The documentation is basically the code -- in our case we use fake_quant_with_min_max_args
https://github.com/tensorflow/tensorflow/blob/master/tensorflow/core/kernels/fake_quant_ops_functor.h we currently default to an 8bit scheme that matches tflite https://www.tensorflow.org/lite/performance/quantization_spec
I actually made a mistake here: should be
quantized = quantize(quantize_and_dequantized, min_var, max_var, quantizer)
The basic idea is the same though. If you want you check your code, dequantize(quantized) == quantize_and_dequantized
.
For batchnorm, you should just return the non-quantized weights using layer.get_weights()
.
Great stuff, thank you.
@daverim Thanks for the great explanation above. I had a leading doubt on this, suppose I wanted to fold all the batchnorms in the convolution after qat , this will alter the weights of the kernel. After doing so if I use the min max stored to quantize the weights is this appropriate/similar to Tflite's implementation of batchnorm folding ?
That is right, the stored min max will be incorrect if collected before folding, but used after folding batch norms. It is probably simplest to just get the values after folding and recalculate the min and max (numpy.max(...)). However, if you really want to do this calculation beforehand, the below code is basically how the min and max should be adjusted after folding is handled.
@daverim Is this kind of folding emulation currently implemented during QAT? I was just wondering will there be a significant loss in accuracy of the network if emulation is not simulated during qat but done post training.
No there is no folding emulation during training any more -- this is deprecated code but still useful in understanding the calculation. This is now calculated during batchnorm folding in the tflite converter, but as you can see in the code example, it is a straight-forward float calculation. The folding itself should not lead to loss of accuracy as it is a linear operation.
@daverim What a coincidence lol, the code reference you mentioned the file got removed by Tf today.
Sorry, edited the last comment to point to the current release tag. As I mentioned, that folding is no longer done in TF. However, the calculation is essentially the same in the TFLite converter
@daverim Hi, I want to know how to get quantized biases.
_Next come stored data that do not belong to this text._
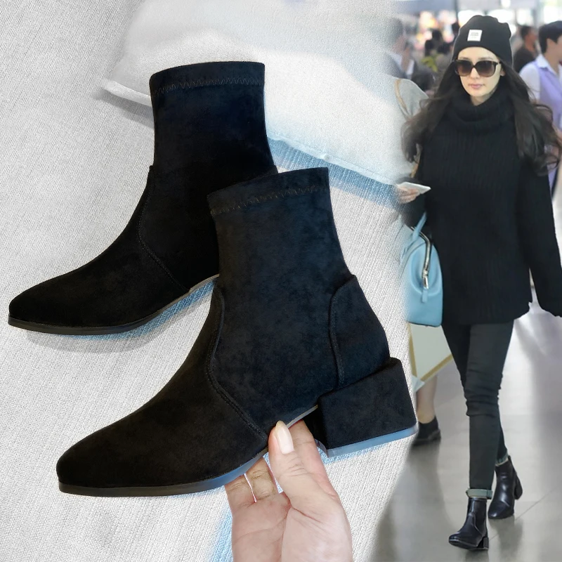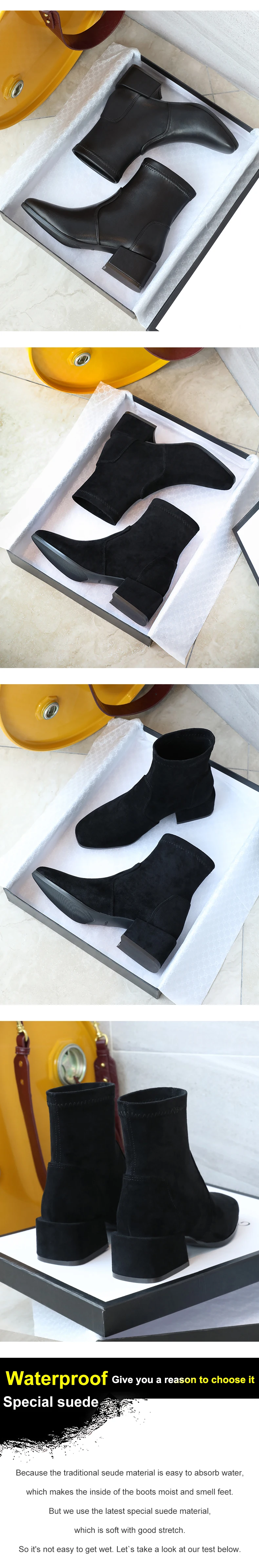 Customized Wholesale Women Shoes and Boots 2023 Black Leather Suede Fashion Sexy Thick Heel Ankle Boots Winter Shoes for Women
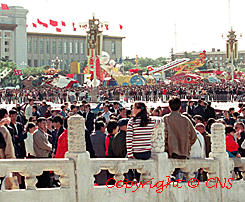 參加50年國慶游行的大型彩車擺放在天安門廣場上,十月二日數(shù)以萬計的游人從北京各處涌向這里,一睹節(jié)日廣場的風采。
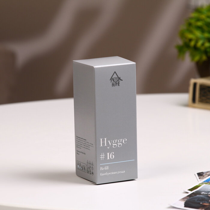 **Наполнитель Arida Home Hygge 16** предназначен для наполнения ароматического диффузора. Его используют в жилых, офисных и хозяйственных помещениях для создания приятного запаха. Аромат позволит снять напряжение, расслабиться после тяжелого дня, создаст особую атмосферу в помещении. Он надежно купирует и нейтрализует неприятные запахи. Наполнитель поставляется в бутылочке с плотно завинчивающейся крышкой, которая предотвращает его случайное проливание. Следует избегать попадания вещества на кожу во избежание аллергических реакций.

biases_quantized = tf.math.round(layer.weights[1] / scale).numpy().astype(np.int32)
Thank you very much.
Hi all. I've recently trained a keras implementation of ssd-keras. I've managed to run QAT training on the model and got desired the accuracy. I wanted to get the quantised weights from the QAT model saved as a H5 model. There's no support or documentation regarding this in the tensorflow website. How can I get the quantised weights from the saved model after QAT? I tried converting it to TFLite but it is not converting due to a custom layer in model definition. So it would be helpful if I can get the quantised weights alone from the saved model. Here's the code snippet for my QAT training. I am using TF 2.3.
`quantize_scope = tfmot.quantization.keras.quantize_scope
def apply_quantization_to_dense(layer): if 'priorbox' in layer.name: return layer
if isinstance(layer,tf.keras.layers.Concatenate) or isinstance(layer, tf.keras.layers.Reshape) or isinstance(layer,tf.keras.layers.Lambda): return layer
return tfmot.quantization.keras.quantize_annotate_layer(layer)
annotated_model = tf.keras.models.clone_model( model, clone_function=apply_quantization_to_dense, )
with quantize_scope({'AnchorBoxes': AnchorBoxes}): quant_aware_model = tfmot.quantization.keras.quantize_apply(annotated_model)
quant_aware_model.summary() quant_aware_model.compile(optimizer=adam, loss=ssd_loss.compute_loss) quant_aware_model.fit_generator(train_generator, epochs=424, steps_per_epoch=1000, callbacks=callbacks, validation_data=val_generator, validation_steps=100, initial_epoch=414)`